My friend just purchased a 1986 300ZX "Turbo" Z31 from a relative who owns a shop and dabbles with building drag cars. We want to get the car running, but we have some problems to sort out first, and I thought I would ask around if anyone might have a clue on how to help us. First of all, the car is in great shape. No body damage (a rarity) and no rust spots. It basically spent its whole life in and out of a garage and storage facility. Unfortunately, one owner along the way did not know how to properly store the car. The car itself is a factory badged 300ZX Turbo Z31. In the process of storing the car (had been in storage from 1989 to 2002), the turbo ceased up and the crankcase's coolant passages rusted solid. Needless to say, the previous owner was a fool.

My friend's relative bought the car in this state for around $500 to initially use as a parts car for his project 1984 ZX Turbo. He ended up deciding to restore it however, but with a "race" application in mind. Somewhere, he bought at VG33E engine from a Pathfinder or something, and dropped it in. He told us he had the engine professionally built, with a lower compression ratio (I believe the same as the supercharged VG33ER) and even had custom camshafts made for it. He, however, never got the engine to fire while in the car. As far as we know, the wiring is completely useless. He said he used the cylinder heads, sensors, injectors, and plug connectors from the original VG30E engine, but has the VG33E ECU hooked to it. We have the VG33E setup as a turbo application, using the original VG30ET manifolds, but with a new turbocharger (not sure what type, previous owner bought and installed).
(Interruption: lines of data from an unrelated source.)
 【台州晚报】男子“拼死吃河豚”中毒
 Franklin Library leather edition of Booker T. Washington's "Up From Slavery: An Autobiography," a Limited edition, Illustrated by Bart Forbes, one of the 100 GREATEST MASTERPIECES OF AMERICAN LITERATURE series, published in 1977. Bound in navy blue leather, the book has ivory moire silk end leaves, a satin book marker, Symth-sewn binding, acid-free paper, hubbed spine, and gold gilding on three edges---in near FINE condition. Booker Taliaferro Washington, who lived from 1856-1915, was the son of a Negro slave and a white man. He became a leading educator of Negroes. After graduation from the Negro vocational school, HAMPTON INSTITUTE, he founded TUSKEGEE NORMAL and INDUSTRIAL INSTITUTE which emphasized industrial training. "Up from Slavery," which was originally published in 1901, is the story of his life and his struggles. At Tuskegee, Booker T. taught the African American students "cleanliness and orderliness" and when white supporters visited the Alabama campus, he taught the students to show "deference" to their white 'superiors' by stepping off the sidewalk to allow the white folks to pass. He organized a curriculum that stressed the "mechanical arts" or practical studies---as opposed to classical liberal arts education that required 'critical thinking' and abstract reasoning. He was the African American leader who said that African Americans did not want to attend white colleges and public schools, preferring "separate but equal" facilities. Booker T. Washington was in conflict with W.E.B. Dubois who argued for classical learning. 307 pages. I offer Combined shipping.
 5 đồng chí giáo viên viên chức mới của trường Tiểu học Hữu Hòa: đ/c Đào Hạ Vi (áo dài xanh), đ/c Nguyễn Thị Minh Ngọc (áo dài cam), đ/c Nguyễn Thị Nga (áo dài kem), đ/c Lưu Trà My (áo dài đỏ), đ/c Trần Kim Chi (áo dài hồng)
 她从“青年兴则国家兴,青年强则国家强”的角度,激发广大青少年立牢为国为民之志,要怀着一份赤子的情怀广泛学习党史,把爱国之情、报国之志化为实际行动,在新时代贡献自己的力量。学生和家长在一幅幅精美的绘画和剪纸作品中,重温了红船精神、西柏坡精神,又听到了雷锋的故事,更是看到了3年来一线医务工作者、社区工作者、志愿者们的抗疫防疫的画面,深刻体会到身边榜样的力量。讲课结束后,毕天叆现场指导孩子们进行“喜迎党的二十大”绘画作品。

Now that you know the back story, here is my question. Does anyone know how similar the wiring harnesses and ECUs for the VG30E and VG33E are? From what I have read, the VG33E is basically a VG30E with more displacement. Is this true, or do we need to gut the complete engine harness from a Pathfinder to make this thing run?


----------



## Zen31ZR (Mar 24, 2004)

I've read at least one magazine article where the VG33 was dropped right in and used the original Z31 equipment to run without any issues. I'd have to question the "custom" camshafts and whether they are even in the right position. The original cams make plenty of power and don't really need to be changed except as one of the last resorts. I'd also have to question the useage of the VG33 ECU, and the use of the original Z31 equipment with it, as I beleive the 2 are nowhere close to being compatible. The original ECU or a JWT Z31 ECU would work best in this application. If you want this car to run, go back to stock equipment or proven Z31 mods and then go from there.


----------



## BeyondBiscuits2 (Jan 18, 2006)

That's pretty much what we've been thinking. The car itself is in amazing shape other than the engine and wiring, so I suggested he just buy a running VG30ET off someone and we drop that in. He wants to see if this VG33 will run, though. I thought the cams were a bit sketchy myself, since I don't even know of any company that makes them for a VG33, nonetheless custom ones. At the moment, unfortunately, the car is sitting in his garage and until he decides what he wants to do, we just tinker with it off and on. You put the key in, all the lights and such work, and you turn the key to get nothing. We have the VG30 ECU, we'll slap it in and see what happens. As far as we know, the previous owner used the VG30ET cylinder heads; my question is if he is completely "bsing" us or if they actually will fit? As far as I can tell by comparing pictures of the VG30E and VG33E, they look pretty similar, but I am no expert on the Nissan V-6s.


----------